-- Opening Marker --

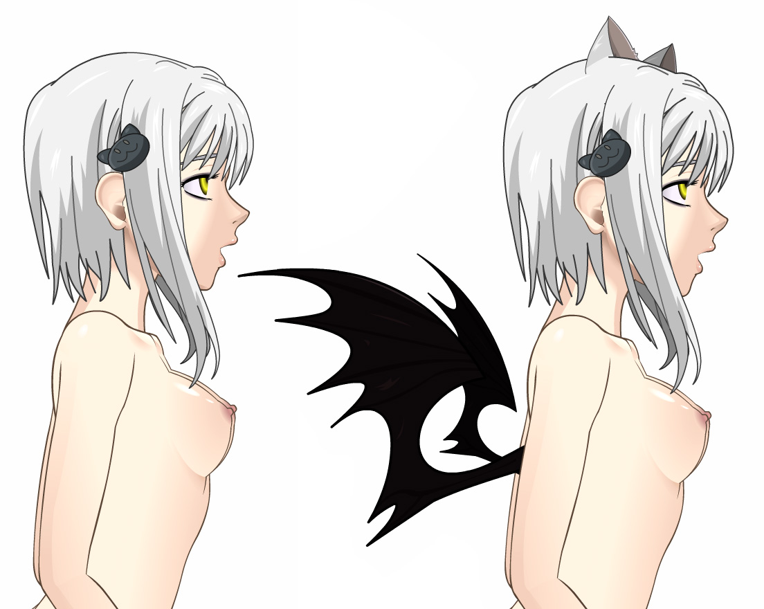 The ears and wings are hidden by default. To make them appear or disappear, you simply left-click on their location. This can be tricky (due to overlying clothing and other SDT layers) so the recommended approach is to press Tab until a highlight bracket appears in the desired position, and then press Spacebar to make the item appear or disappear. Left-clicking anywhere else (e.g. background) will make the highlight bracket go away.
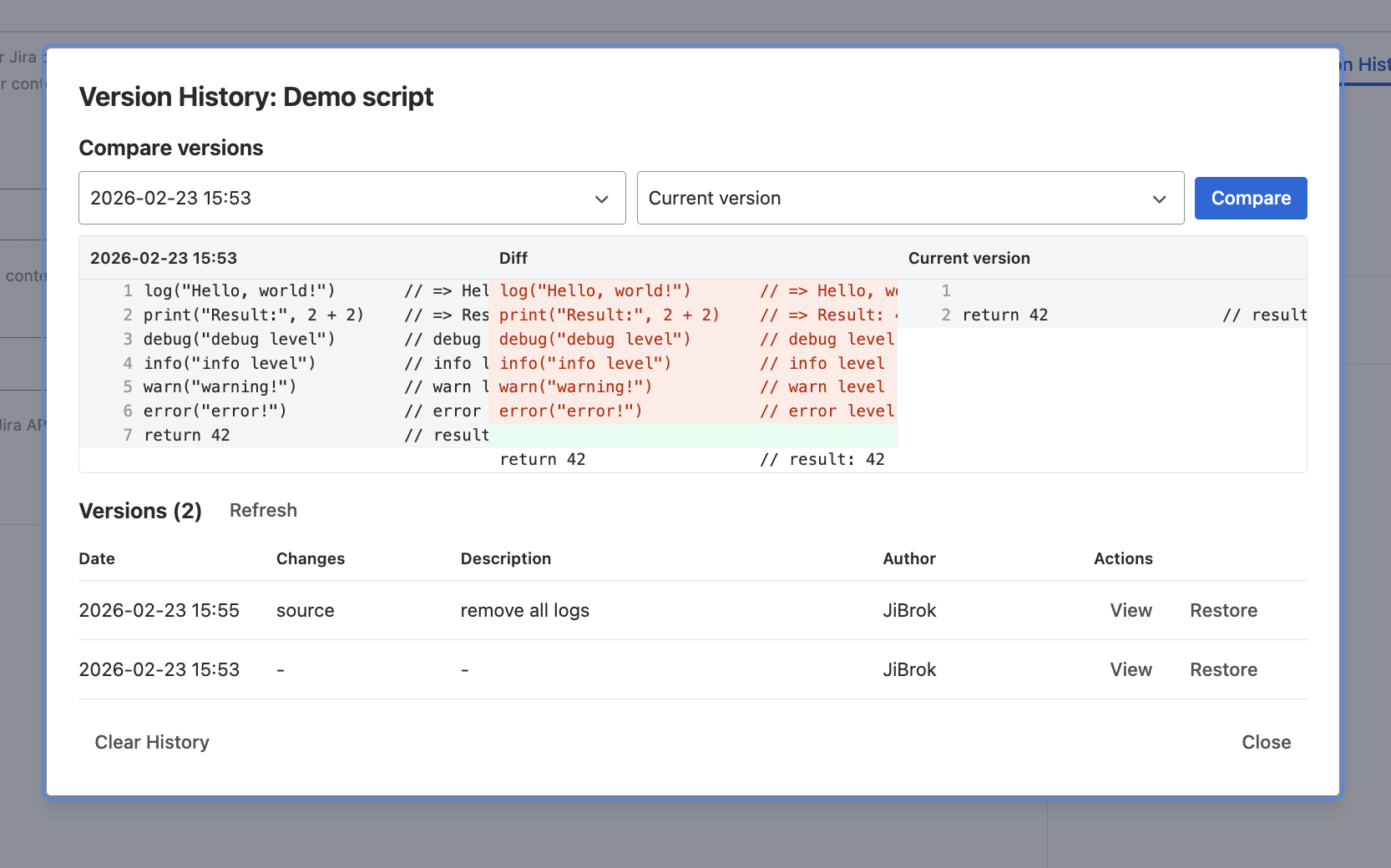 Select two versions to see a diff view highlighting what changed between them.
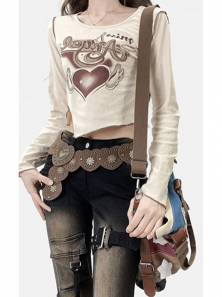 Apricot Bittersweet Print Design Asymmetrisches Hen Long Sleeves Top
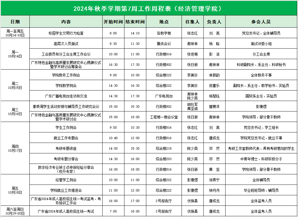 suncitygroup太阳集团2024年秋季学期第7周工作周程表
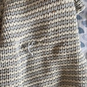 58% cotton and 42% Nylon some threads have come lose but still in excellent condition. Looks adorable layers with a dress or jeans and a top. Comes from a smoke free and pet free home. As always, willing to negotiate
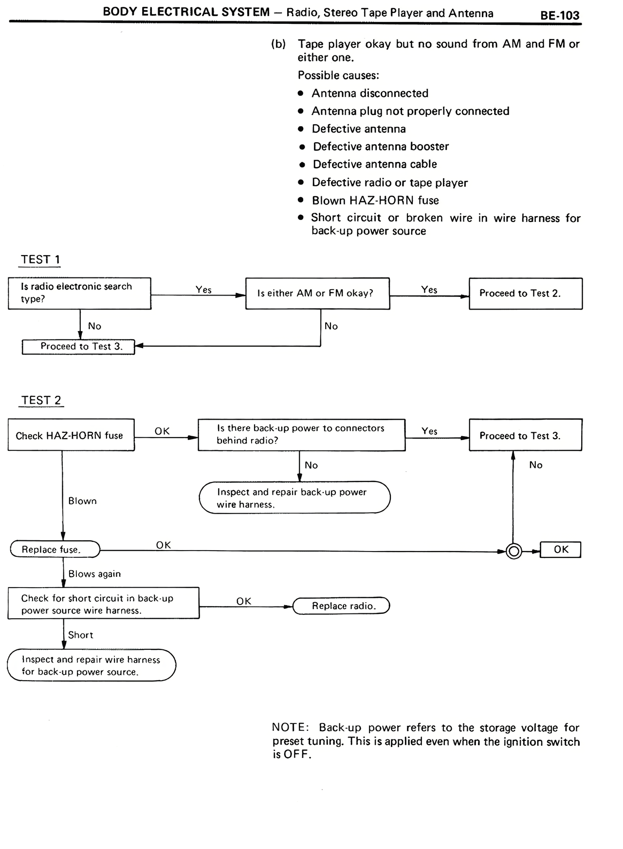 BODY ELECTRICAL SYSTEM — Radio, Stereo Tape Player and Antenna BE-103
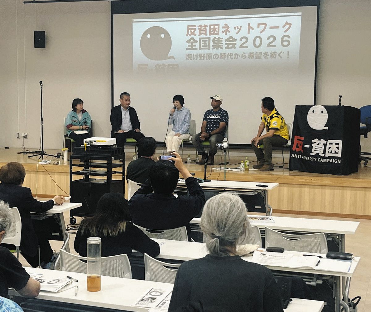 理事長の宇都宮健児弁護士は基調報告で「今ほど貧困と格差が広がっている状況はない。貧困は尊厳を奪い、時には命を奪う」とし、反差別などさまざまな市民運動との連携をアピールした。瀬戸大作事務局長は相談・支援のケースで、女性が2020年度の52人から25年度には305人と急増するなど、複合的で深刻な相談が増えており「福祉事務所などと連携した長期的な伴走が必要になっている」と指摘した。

-- Closing Marker --

Give back the material above exactly as it appears, minus any picture.

 The ears and wings are hidden by default. To make them appear or disappear, you simply left-click on their location. This can be tricky (due to overlying clothing and other SDT layers) so the recommended approach is to press Tab until a highlight bracket appears in the desired position, and then press Spacebar to make the item appear or disappear. Left-clicking anywhere else (e.g. background) will make the highlight bracket go away.
 Select two versions to see a diff view highlighting what changed between them.
 Apricot Bittersweet Print Design Asymmetrisches Hen Long Sleeves Top
 suncitygroup太阳集团2024年秋季学期第7周工作周程表
 58% cotton and 42% Nylon some threads have come lose but still in excellent condition. Looks adorable layers with a dress or jeans and a top. Comes from a smoke free and pet free home. As always, willing to negotiate
 BODY ELECTRICAL SYSTEM — Radio, Stereo Tape Player and Antenna BE-103
 理事長の宇都宮健児弁護士は基調報告で「今ほど貧困と格差が広がっている状況はない。貧困は尊厳を奪い、時には命を奪う」とし、反差別などさまざまな市民運動との連携をアピールした。瀬戸大作事務局長は相談・支援のケースで、女性が2020年度の52人から25年度には305人と急増するなど、複合的で深刻な相談が増えており「福祉事務所などと連携した長期的な伴走が必要になっている」と指摘した。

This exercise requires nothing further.